We have a W2k8 FTP server (IIS) in our DMZ (PIX firewall) that accepts thousands of ftp transmissions daily from our mainframe (inside our network), and from our laptops (outside the network).
Typically, a connection is made, credentials successfully authenticate, a transmission begins, then ends when complete.
This is a sample of a typical successful transaction from our ftp server logs:
14:29:49 10.0.3.1 USER curtiscc.net\mfdownload 331 0
14:29:49 10.0.3.1 PASS - 230 0
14:29:49 10.0.3.1 CWD \curtis\Watch_n_launch\in 250 0
14:29:49 10.0.3.1 created /curtis/Watch_n_launch/in/
14:29:51 10.0.3.1 created /curtis/Watch_n_launch/in/
In this transmission, two files were successfully delivered to the ftp server (a .zip and .ins).

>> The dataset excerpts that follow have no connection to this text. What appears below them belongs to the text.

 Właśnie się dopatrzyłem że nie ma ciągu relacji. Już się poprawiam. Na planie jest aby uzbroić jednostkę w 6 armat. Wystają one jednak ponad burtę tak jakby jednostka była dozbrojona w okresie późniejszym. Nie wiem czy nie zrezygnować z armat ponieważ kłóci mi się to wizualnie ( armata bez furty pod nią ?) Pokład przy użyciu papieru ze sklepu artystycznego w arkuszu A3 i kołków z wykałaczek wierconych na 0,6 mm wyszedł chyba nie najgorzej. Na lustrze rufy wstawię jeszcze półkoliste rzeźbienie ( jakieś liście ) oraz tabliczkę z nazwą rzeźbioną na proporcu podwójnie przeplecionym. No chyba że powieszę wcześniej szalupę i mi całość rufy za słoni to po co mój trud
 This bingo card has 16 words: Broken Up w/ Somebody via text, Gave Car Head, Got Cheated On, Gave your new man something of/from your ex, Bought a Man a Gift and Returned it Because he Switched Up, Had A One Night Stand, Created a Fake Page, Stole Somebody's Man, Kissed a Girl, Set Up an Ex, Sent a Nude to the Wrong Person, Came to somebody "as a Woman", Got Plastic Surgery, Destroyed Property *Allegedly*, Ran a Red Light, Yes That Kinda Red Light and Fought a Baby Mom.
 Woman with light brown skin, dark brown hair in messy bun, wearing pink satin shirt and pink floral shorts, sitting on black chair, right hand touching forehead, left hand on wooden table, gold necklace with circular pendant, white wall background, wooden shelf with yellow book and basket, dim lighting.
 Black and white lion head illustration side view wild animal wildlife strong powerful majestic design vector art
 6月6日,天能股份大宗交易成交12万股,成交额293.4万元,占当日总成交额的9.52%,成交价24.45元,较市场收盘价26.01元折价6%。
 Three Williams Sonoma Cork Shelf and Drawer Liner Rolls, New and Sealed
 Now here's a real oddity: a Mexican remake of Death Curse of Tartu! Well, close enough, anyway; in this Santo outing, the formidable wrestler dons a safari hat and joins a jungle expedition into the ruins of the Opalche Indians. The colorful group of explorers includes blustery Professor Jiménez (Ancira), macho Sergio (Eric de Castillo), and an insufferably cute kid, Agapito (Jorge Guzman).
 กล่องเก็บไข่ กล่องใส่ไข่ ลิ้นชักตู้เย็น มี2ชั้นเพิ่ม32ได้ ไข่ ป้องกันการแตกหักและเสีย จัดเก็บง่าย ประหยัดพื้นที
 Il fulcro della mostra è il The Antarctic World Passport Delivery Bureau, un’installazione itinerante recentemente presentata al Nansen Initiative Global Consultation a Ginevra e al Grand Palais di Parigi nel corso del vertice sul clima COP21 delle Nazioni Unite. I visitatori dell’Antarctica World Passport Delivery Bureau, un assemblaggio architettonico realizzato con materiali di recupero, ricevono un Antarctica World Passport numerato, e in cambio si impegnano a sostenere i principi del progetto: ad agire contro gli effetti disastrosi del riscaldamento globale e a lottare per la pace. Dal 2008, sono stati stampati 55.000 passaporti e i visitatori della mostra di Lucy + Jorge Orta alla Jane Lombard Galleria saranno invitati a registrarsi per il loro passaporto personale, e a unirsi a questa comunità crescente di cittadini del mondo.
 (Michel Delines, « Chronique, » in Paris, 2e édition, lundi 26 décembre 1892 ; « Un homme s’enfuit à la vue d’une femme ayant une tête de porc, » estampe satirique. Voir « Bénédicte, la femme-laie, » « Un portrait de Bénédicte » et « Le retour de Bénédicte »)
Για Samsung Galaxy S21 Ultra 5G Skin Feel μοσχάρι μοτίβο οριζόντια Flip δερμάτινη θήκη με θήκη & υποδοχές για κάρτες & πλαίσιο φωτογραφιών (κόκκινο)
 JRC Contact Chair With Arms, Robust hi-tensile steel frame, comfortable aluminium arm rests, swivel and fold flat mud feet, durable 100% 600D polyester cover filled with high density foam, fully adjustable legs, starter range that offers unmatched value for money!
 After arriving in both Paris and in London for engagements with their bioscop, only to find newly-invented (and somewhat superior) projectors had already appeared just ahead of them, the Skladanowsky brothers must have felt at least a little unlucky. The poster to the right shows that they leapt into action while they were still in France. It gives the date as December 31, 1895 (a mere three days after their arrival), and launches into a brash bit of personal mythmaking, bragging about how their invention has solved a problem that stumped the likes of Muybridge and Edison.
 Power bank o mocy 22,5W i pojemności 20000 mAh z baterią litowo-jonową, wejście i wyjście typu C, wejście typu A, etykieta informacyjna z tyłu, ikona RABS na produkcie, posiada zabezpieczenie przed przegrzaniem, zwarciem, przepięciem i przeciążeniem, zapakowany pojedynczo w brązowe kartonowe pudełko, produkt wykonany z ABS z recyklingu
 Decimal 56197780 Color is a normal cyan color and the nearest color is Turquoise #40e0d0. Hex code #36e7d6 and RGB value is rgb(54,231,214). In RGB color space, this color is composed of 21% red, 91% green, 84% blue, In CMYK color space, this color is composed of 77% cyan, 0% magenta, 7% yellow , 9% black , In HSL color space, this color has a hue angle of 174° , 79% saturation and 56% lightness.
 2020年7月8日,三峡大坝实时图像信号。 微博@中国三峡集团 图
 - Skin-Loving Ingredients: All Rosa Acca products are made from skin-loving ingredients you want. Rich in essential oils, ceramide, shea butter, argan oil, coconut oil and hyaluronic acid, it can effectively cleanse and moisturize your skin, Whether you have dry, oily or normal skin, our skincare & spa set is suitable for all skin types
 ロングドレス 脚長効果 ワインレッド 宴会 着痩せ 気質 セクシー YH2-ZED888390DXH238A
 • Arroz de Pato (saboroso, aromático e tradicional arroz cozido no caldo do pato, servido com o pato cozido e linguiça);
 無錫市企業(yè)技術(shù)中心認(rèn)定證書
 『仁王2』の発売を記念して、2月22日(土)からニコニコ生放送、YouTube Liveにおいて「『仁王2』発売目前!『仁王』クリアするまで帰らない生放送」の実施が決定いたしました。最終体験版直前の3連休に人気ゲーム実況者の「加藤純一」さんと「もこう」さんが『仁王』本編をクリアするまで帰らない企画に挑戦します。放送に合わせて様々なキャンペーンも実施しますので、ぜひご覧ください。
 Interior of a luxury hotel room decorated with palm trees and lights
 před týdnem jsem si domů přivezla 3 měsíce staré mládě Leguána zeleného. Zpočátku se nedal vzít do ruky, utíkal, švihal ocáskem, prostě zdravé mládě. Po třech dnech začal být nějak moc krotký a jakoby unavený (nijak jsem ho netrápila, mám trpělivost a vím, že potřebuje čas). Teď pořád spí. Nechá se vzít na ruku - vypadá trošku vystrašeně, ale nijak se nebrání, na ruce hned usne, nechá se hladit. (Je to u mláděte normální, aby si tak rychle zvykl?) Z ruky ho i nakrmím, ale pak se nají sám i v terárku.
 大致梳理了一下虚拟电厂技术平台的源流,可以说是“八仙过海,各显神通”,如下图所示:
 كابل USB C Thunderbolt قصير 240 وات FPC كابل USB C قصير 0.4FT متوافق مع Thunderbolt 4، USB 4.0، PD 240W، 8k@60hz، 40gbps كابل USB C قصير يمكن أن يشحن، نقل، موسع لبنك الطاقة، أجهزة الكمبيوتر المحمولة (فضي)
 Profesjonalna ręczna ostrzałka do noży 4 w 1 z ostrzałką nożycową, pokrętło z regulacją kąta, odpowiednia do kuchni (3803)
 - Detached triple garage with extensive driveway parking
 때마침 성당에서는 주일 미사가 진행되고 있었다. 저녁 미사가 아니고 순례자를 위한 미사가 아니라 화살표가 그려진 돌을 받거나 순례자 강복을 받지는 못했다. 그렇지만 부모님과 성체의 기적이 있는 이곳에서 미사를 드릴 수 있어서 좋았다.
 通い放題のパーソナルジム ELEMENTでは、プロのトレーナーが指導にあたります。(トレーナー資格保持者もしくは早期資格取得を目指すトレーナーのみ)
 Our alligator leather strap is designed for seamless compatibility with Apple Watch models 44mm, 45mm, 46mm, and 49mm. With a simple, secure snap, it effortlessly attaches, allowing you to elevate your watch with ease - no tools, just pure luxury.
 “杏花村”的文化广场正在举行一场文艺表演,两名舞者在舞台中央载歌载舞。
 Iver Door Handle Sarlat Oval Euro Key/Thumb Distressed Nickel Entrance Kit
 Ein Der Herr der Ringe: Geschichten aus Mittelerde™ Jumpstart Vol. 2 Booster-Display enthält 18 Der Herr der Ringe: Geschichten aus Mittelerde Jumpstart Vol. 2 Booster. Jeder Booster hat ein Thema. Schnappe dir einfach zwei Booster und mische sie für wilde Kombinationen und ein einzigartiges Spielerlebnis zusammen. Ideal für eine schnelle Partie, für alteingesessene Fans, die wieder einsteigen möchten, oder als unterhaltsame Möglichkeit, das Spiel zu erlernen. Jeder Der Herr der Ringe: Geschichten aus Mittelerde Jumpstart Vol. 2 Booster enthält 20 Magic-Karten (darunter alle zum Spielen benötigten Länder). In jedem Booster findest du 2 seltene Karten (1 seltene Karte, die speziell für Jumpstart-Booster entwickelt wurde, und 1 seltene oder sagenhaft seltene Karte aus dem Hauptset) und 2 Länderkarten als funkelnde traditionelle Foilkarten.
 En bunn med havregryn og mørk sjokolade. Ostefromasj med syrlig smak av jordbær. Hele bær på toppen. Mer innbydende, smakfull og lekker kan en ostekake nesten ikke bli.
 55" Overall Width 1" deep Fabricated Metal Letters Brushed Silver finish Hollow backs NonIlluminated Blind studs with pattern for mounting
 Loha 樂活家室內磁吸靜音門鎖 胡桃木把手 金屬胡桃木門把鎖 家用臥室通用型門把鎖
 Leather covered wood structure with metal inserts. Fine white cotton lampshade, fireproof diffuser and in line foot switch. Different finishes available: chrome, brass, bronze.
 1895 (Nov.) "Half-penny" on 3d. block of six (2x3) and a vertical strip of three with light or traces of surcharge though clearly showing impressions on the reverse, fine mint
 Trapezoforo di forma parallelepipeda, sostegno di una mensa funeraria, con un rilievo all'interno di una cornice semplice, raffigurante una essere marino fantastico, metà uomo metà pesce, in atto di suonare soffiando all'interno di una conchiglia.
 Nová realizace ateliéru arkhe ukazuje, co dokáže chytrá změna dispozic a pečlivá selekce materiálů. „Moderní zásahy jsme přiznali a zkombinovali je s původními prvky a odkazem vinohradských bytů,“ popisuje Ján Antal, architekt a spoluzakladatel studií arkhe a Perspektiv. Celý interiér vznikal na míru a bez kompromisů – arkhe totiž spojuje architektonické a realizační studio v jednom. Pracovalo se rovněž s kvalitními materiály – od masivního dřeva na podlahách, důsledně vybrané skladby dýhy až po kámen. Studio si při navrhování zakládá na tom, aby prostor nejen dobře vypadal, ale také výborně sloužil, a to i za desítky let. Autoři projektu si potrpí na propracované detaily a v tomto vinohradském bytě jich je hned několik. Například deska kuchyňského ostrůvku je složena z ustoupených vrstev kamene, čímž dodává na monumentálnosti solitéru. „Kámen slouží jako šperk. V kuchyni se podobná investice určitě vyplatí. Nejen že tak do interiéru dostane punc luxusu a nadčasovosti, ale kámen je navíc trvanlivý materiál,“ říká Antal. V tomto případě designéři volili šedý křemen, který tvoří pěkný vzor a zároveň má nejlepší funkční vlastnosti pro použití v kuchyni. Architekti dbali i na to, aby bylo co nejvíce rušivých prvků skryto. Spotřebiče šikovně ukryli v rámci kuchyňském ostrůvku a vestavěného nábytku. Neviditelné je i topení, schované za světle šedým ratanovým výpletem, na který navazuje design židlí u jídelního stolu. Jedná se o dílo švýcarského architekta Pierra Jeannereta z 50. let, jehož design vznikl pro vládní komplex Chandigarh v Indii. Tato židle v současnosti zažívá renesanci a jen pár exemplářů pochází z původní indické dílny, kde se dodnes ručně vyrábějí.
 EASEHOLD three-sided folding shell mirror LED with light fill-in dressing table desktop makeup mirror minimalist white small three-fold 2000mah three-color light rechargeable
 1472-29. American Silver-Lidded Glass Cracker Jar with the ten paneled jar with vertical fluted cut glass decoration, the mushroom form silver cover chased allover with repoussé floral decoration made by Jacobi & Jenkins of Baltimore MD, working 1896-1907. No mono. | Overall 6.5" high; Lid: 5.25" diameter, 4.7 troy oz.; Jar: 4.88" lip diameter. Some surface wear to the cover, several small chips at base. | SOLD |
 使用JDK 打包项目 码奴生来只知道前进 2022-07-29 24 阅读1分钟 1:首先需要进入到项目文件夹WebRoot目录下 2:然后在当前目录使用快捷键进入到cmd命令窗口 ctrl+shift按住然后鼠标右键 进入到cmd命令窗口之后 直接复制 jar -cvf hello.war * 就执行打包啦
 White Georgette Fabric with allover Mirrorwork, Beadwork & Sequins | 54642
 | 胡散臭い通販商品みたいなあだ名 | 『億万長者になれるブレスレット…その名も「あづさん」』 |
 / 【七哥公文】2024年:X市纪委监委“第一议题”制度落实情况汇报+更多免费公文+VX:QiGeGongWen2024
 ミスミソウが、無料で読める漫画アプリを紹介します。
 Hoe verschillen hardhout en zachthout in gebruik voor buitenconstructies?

Intermittently (maybe once every several days), at precisely 23 seconds after the connection is made and successful authentication, the transmission times-out with a “10060” ftp error. That ftp thread terminates and continues with the next step or thread successfully, as if nothing was wrong.
This is a sample of a failed transaction from our ftp server logs:
14:30:01 10.0.3.1 USER curtiscc.net\mfdownload 331 0
14:30:01 10.0.3.1 PASS - 230 0
14:30:01 10.0.3.1 CWD \curtis\Watch_n_launch\in 250 0
14:30:24 10.0.3.1 created PRINT_APGM999_110819102956
.zip 425 10060
14:32:03 10.0.3.1 created /curtis/Watch_n_launch/in/
14:32:03 10.0.3.1 QUIT - 226 0
In this transmission, the “10060” timeout occurs exactly 23 seconds after the successful logon and directory change. Then after it fails, the same thread continues to the next step and successfully delivers the next file. Additionally, it seems to be “thread or connection-specific” (not a pause of the whole ftp service) because we have seen it where, within the 23 second inactivity period, a new thread starts and completes before the original thread eventually times-out with “10060” error.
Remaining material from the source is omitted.